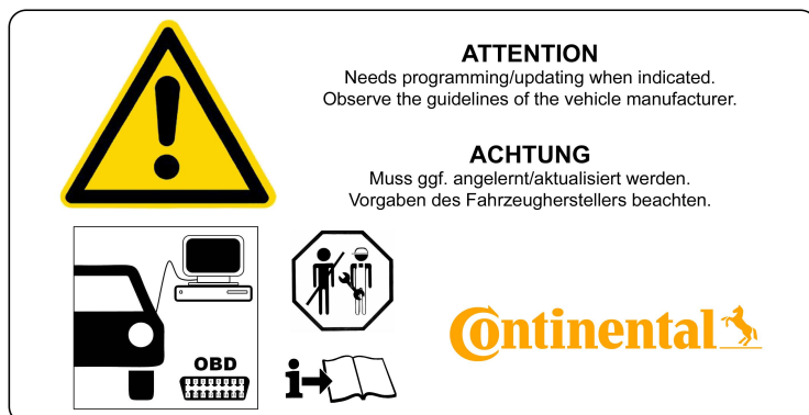
3 - Montage Hinweise / Installation Notes
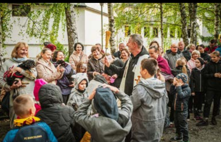
5 X NIEDZIELA ŚWIĘTEGO FRANCISZKA
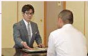
綿密なお打ち合わせ

宗派やご希望に合わせた葬儀を行うため、ご納得いただけるまで何度でもお伺いします。また、この時点で分かりうるすべての項目について詳細にお見積りいたします。
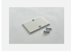
145-50101, S 2 x Metall-Endkappe mit Schrauben
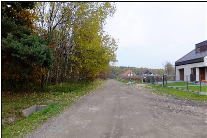
Fot. 5 Północna część ul. Piaskowej
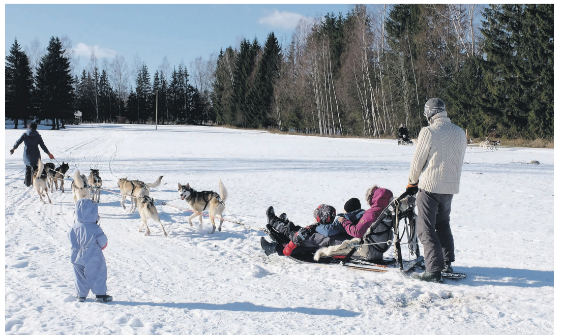
Obinitsah sõidõti pinnega.

Aifumma kõigilõ: nuilõ, kiä' soo laagri kõrraldi', nuilõ, kiä' tüütarriga iist võti', nuilõ', kiä' rahha anni', ni nuilõ, kiä' kohalõ tull'! Tulõvaasta laagri mõttõkõsõ' joba idanõsõ'.
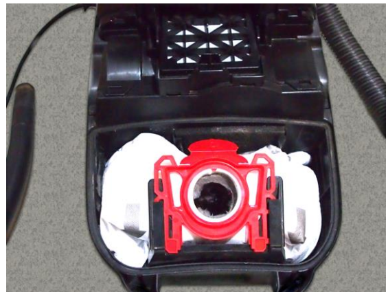
Staubsauger mit Beutel.
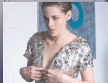
Kristen Stewart in ‚Personal Shopper‘
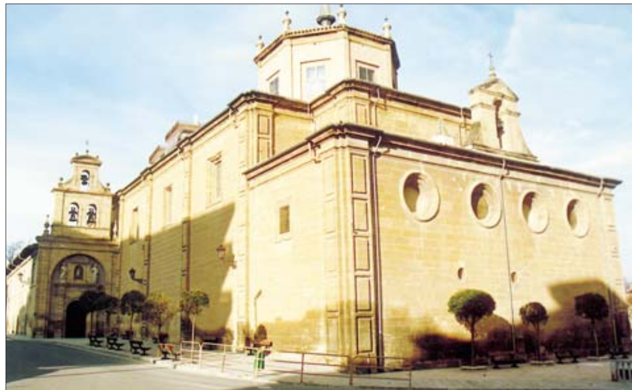
F.J.I. LÓPEZ DE SILANES

Vista sureste, donde resalta el escalonamiento de volúmenes desde la sacristía, pasando por el presbitero, el exterior octogonal de la cúpula hasta alcanzar el chapitel de la misma
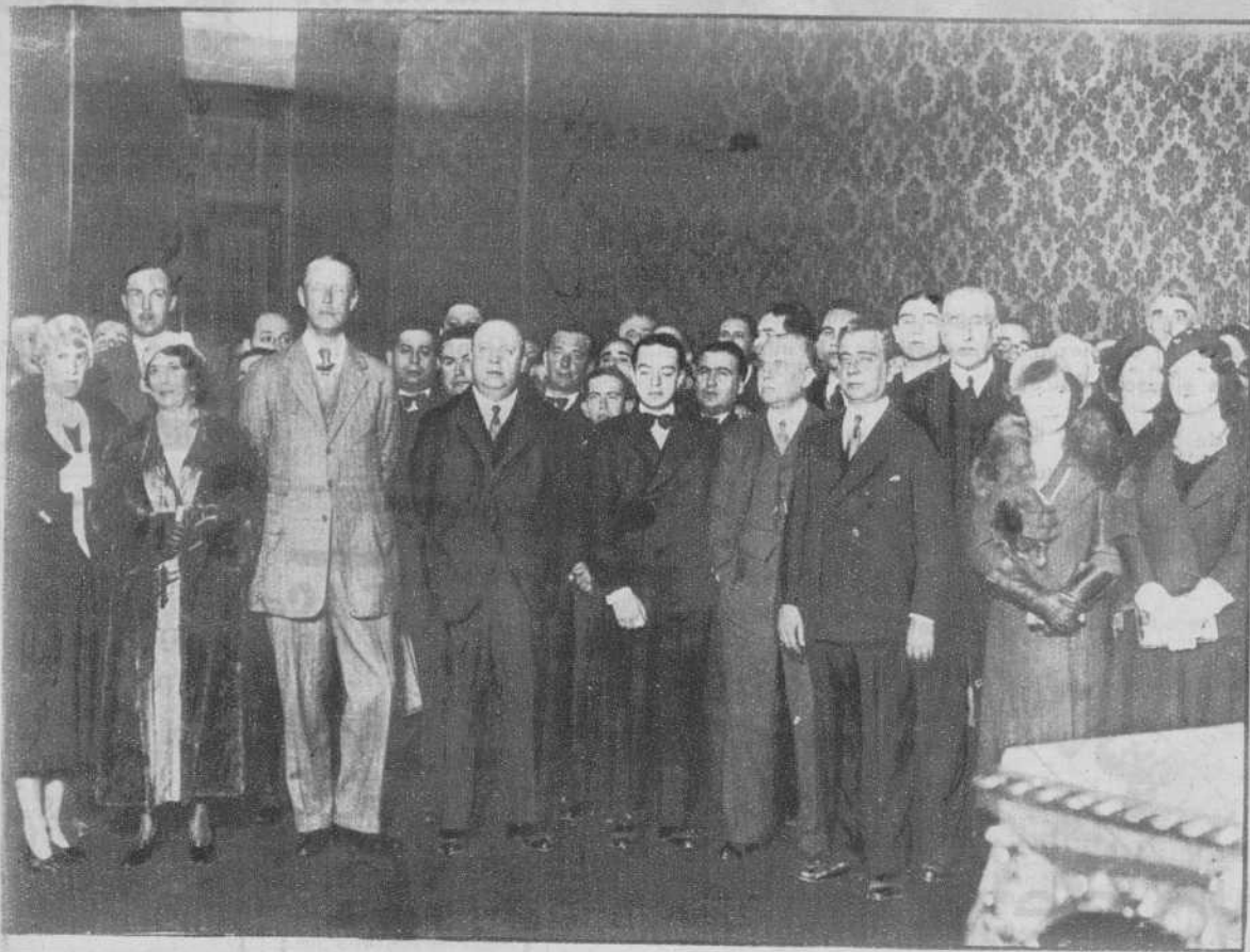
Sevilla.—El ministro de Obras Públicas, con el gobernador de Gibraltarr, el alcalde y jefes y oficiales, en la recepción celebrada en el Ayuntamiento.
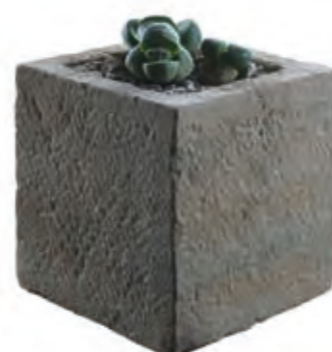
20 × 20 × 20 cm, weight approx. 5 kg.
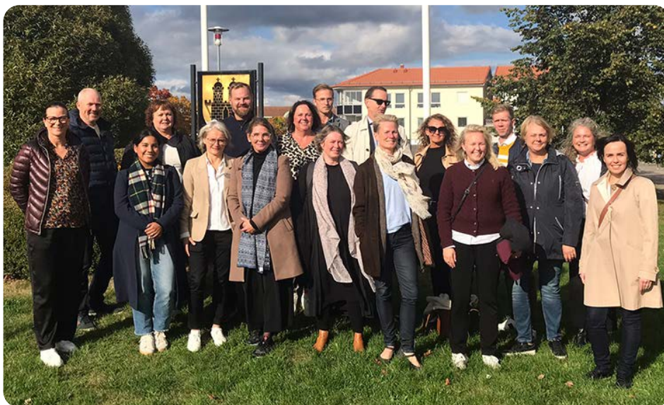
På bilden ser vi representanter från Företagscentrum, Fastighetsägarna GFR, AB EdetHus och Lilla Edets kommun som deltagit i arbetet kring målbild för centrumutveckling.
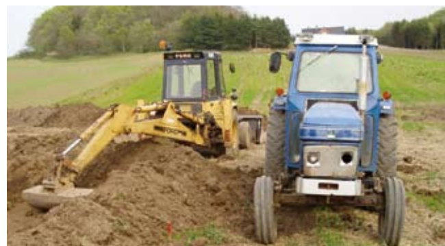
Rendergraver i aktion

Hvem husker ikke i gamle dage, og det er der ikke mange, der gør, da mænd i langskafte læderstøvler og med spidse spader gravede render til kloaker, drænrør og vandledninger. Det er en længst svunden tid, der blev afløst
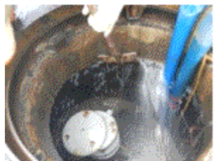
森山支線（新池町地内） 電食による鋼管600mm漏水補修
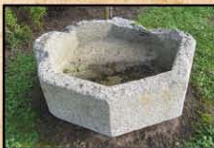
Châsse de St Gaud.
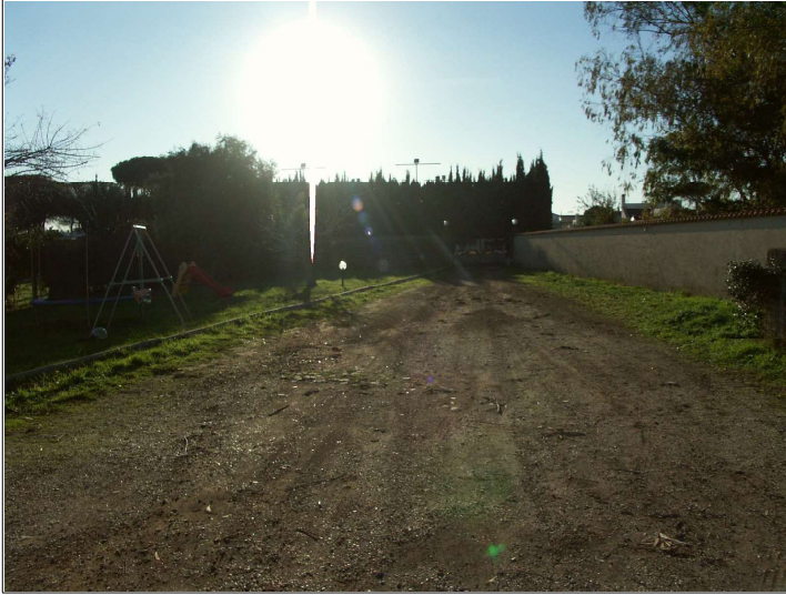
Accesso veicolare da Via Taro
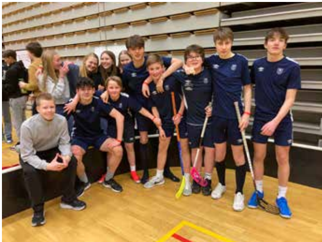
Vårt innebandylag vant turneringen på Bynatt.
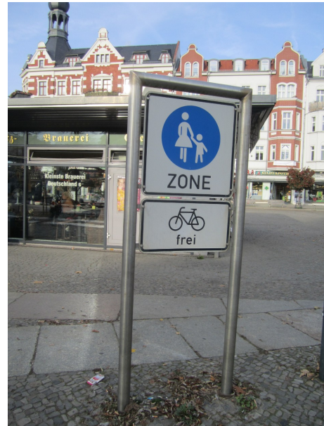
Altstadt nach dem Umbau

ABOUT THIS EXERCISE
Please retype the lines from the one that contains "森山支線（新池町地内） 電食による鋼管600mm漏水補修" through the final line of the data, both included, without any pictures.

ANSWER FOR THE TASK
森山支線（新池町地内） 電食による鋼管600mm漏水補修
Châsse de St Gaud.
Accesso veicolare da Via Taro
Vårt innebandylag vant turneringen på Bynatt.
Altstadt nach dem Umbau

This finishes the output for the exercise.